First we hit a lot of DNS issues because not all clients used DHCP and so they’d end up looking  for a DNS that wasn’t there.

Once that was fixed we found stuff still wasn’t OK at all (No logon servers available). On the new DC the management console (the shiny new one) didn’t complain about anything, but nothing worked.

First we found the time service wasn’t doing OK: w32tm needed a lot of manual config (and resetting thereof) to finally sync it’s time, it didn’t take the domain time and it didn’t pull it in externally. That caused all kerberos tickets with the new DC to be worthless.

 

Later we also noticed that netdom query fsmo suddenly hit an RPC error. This was followed by a lot of time trying to debug the RPC error. In fact, on one of the following links I found a reminder to work with dcdiag which finally gave information that was actually useful to someone in IT. We had DNS issues (not critical) and a broken NTFRS. Basically I ran all the checks from the first link:

When good Domain Controllers go bad!

Then I verified that, yes, indeed our netlogon shares were missing on the new DC and, in fact, it had never fully replicated. No surprise it wasn’t working. The next thread (german) turned up after I found the original issue and had the right KB links to fix it.

http://www.mcseboard.de/topic/115522-fehler-13508-kein-sysvol-und-probleme-mit-dateireplikationsdienst/

So, what happened was that some dork at MS had used a MS JET DB driver for the rolling log of the file replication service. During a power outage, the JET DB wrote an invalid journal entry. It had been broken since then.

What I had to do was to re-initialize the replication, and then everything fixed just fine.

The KB entry for that is long, dangerous and something I hope you won’t have to do.

http://support.microsoft.com/kb/315457/en-us

I hated that this KB has actually a few errors, i.e. they don’t even tell you when to start back up the service on the original DC. Since we only had *one* it was also sometimes unclear if I’d just be doomed or be fine.

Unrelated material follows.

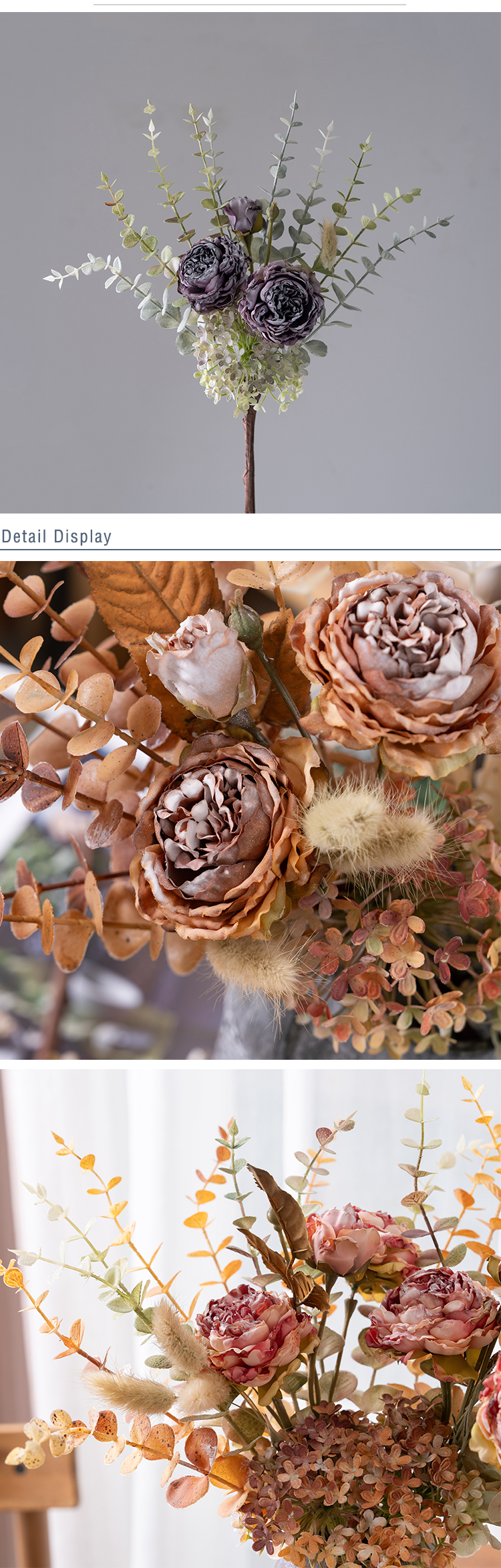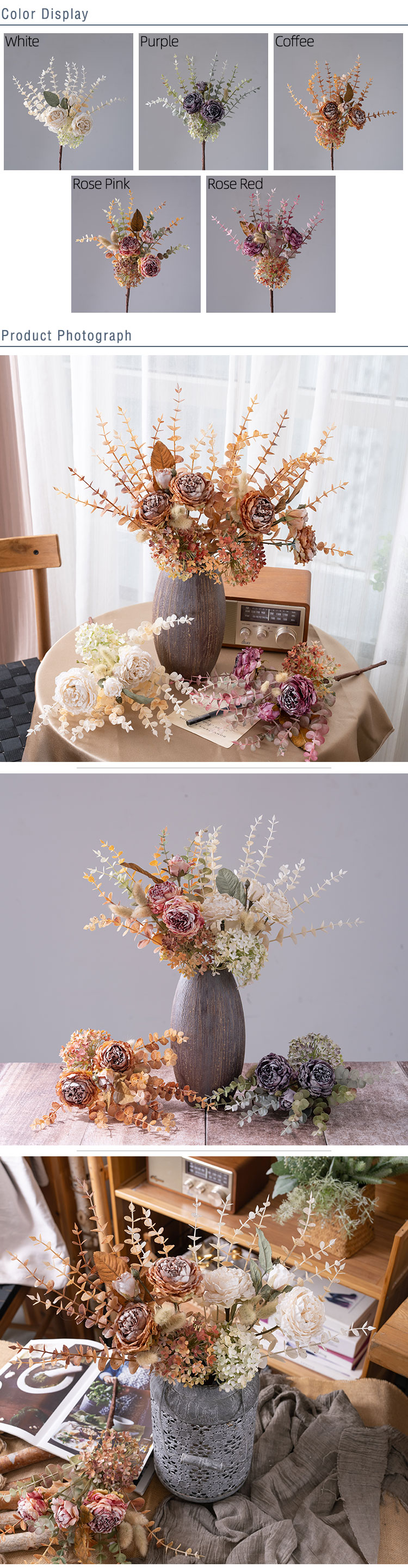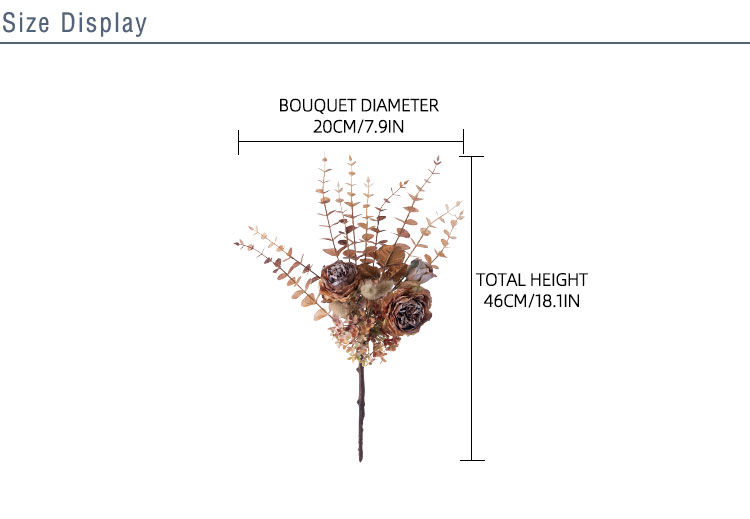 Introducing the MW89105 Artificial Dried Roses Eucalyptus Bundle from CALLAFLORAL, a stunning addition that brings the beauty of nature indoors all year round. This carefully crafted bouquet is designed to elevate the ambiance of any space, making it a versatile and charming decorative piece.The bundle is crafted using a combination of high - quality materials. The roses and other floral elements are made from fabric, which gives them a soft, realistic texture. The stems are constructed from a blend of plastic and wire, ensuring durability and flexibility for easy arrangement. Additionally, paper is used in some parts of the design, adding a touch of authenticity and detail. With an overall height of 46 cm and an overall diameter of 20 cm, this bouquet is the perfect size to make a statement without overwhelming the space. Each rose head measures 7.5 cm in diameter and 4 cm in height, while the rose buds are 4.5 cm in diameter and also 4 cm in height. Despite its eye - catching size, the bouquet is lightweight, weighing only 89.8g, making it easy to handle and move around as needed.Each purchase of the MW89105 includes one bouquet. Inside, you'll find two fully bloomed roses, one delicate rose bud, and an assortment of matching flowers, grass, and leaves. This combination creates a harmonious and visually appealing arrangement that mimics the look of a freshly picked bouquet. The bouquets are packaged securely in inner boxes. Each inner box has dimensions of 80x30x15 cm and can hold 12 pieces of the MW89105 bouquet. This packaging ensures that the products arrive in perfect condition, ready to be displayed or used as gifts.To make your shopping experience as convenient as possible, CALLAFLORAL offers a variety of payment methods. You can choose from L/C (Letter of Credit), T/T (Telegraphic Transfer), Western Union, Money Gram, Paypal, and more. This flexibility allows customers from around the world to purchase the Artificial Dried Roses Eucalyptus Bundle with ease. CALLAFLORAL is a reputable brand known for its high - quality floral products. This particular bouquet is proudly made in Shandong, China, a region renowned for its skilled craftsmanship and attention to detail in the manufacturing industry.The product is certified with ISO9001 and BSCI, which are internationally recognized standards for quality management and social accountability. These certifications guarantee that the MW89105 Artificial Dried Roses Eucalyptus Bundle is produced in an environment that adheres to strict quality and ethical guidelines. To suit different tastes and interior design styles, the bouquet is available in a range of beautiful colors. You can choose from coffee, pink rose, purple, rose red, and white. Whether you prefer a warm and earthy tone or a bright and vibrant one, there's a color option to match your preferences.The bouquet is a result of a combination of handmade and machine - made techniques. The handmade elements add a unique and personalized touch, while the machine - made parts ensure precision and consistency in the overall design. This blend of techniques results in a high - quality product that looks both natural and artistic. The MW89105 Artificial Dried Roses Eucalyptus Bundle is incredibly versatile and can be used in a wide variety of settings and for numerous occasions. It's perfect for enhancing the decor of your home, whether it's in the living room, bedroom, or hallway. It also adds a touch of elegance to hotels, hospitals, shopping malls, wedding venues, company offices, and outdoor spaces.In addition to daily home and commercial decor, it serves as an excellent photographic prop, exhibition piece, or supermarket display. It's also an ideal gift for special occasions such as Valentine's Day, carnivals, Women's Day, Labor Day, Mother's Day, Children's Day, Father's Day, Halloween, Beer Festivals, Thanksgiving, Christmas, New Year's Day, Adult's Day, and Easter. In conclusion, the CALLAFLORAL MW89105 Artificial Dried Roses Eucalyptus Bundle is a must - have for anyone looking to add a touch of natural beauty and charm to their surroundings. With its high - quality materials, exquisite design, and wide range of uses, it's sure to become a favorite decorative piece in any space.

In the end, it’s not that bad, GPOs are just files, which you can restore if needed. So even if you end up with a completely empty replication set, you can put your GPOs back in. And, from the infra side, all your GPOs are less important than this service running…

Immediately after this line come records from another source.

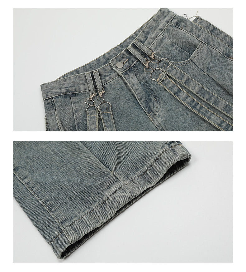 بنطال كاجوال متعدد الاستخدامات بتصميم شريط الأقليات ذي الطابع الكلاسيكي الربيعي، مغسول وممزق
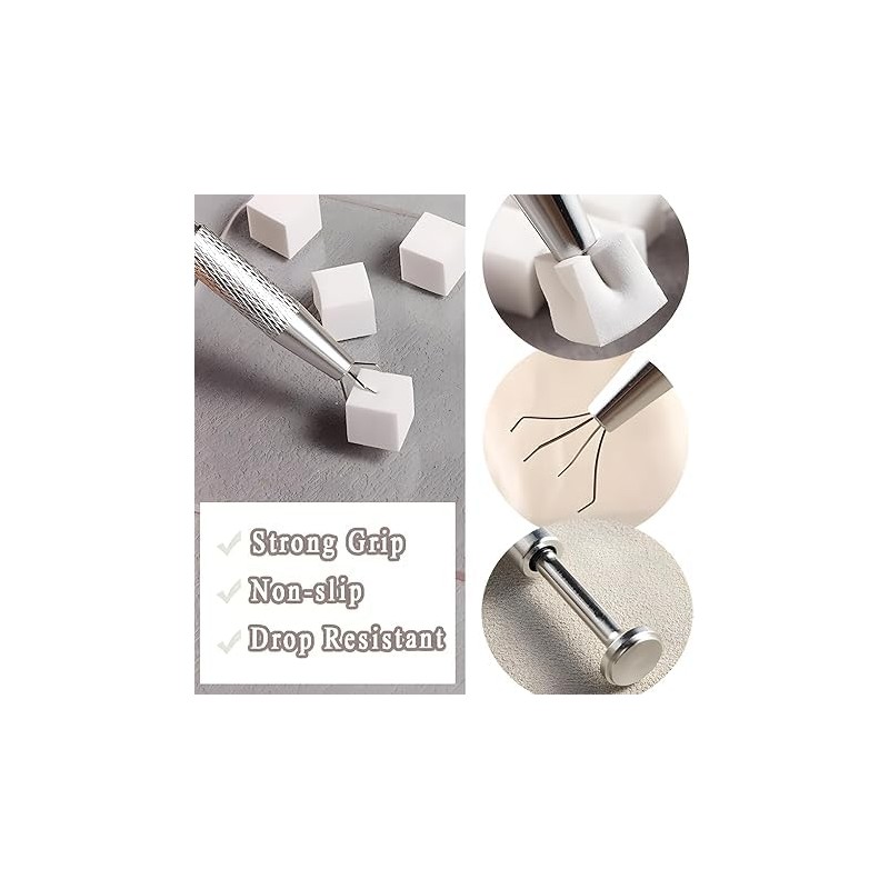 - 【4 Claws Grabber】The equipped metal grabber tool can easily grab the sponge to prevent nails from being stained when designing nail art. The gripping range and tightness can be adjusted by adjusting the pressing force.
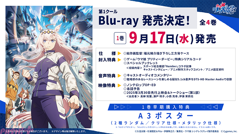 第1クールのBlu-rayが全4巻で発売決定しました。三方背ケースは総作画監督:福元陽介さん描き下ろし。さらに封入特典にはゲームアイテムと交換できるシリアルコードや内容盛りだくさんのスペシャルブックレットのほか、臨場感のあるレースシーンを楽しめる疑似5.1ch音声などの豪華特典が満載です。あわせて、店舗別特典も解禁されました。

There’s a lot of unclear warnings about the permissions of those files, so copy in cmd, might be OK. Otherwise you can also reset the perms later via one of the AD MMC things, so actually that’s not too horrible. I had no issue at all and *heh* they also hadn’t ever used a GPO.

Also, note that on the last goddamn page of the article they tell you how to make a temporary workaround.

 

Monitoring lessons for Windows

• Don’t skip the basic FSMO check Nagios had forever
• Have the Check_MK replication check running (it’ll not see this)
• Monitor the SYSVOL and NETLOGON shares via the matching check
• Monitor NTFRS EventID 13568, optionally 16508
• Set up LDAP checks against the global catalog

Monitoring gaps:

• Checks built on dcdiag (afraid one has to ignore the event log since it shows historic entries). Command that finally got me rolling was dcdiag /v /c /d /e /s:
• Functional diagrams of AD for NagVis
• Pre-defined rulesets for AD monitoring in BI

I feel those could just be part of the base config, there’s no specifics to monitoring. BI can do the AD monitoring strictly via autodetection, but NagVis is better for visual diagnosis.

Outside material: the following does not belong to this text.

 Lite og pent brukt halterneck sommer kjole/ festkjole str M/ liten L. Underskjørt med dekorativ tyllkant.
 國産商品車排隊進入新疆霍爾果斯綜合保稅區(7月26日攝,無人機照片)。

With a proper monitoring in place I’d not have had to search the issue at all…

For my monitoring customers I’ll try to build this and include it in their configs. Others should basically demand the same thing.

 

Furthermore:

• There’s always a way to fix things
• AD is a complex system, you can’t just run one DC. No matter if SBS exist(s|ed) or not, it’s just not sane to do. Do not run AD with just one DC. Be sane, be safer.
• Oh, and look at your Eventlogs. Heh.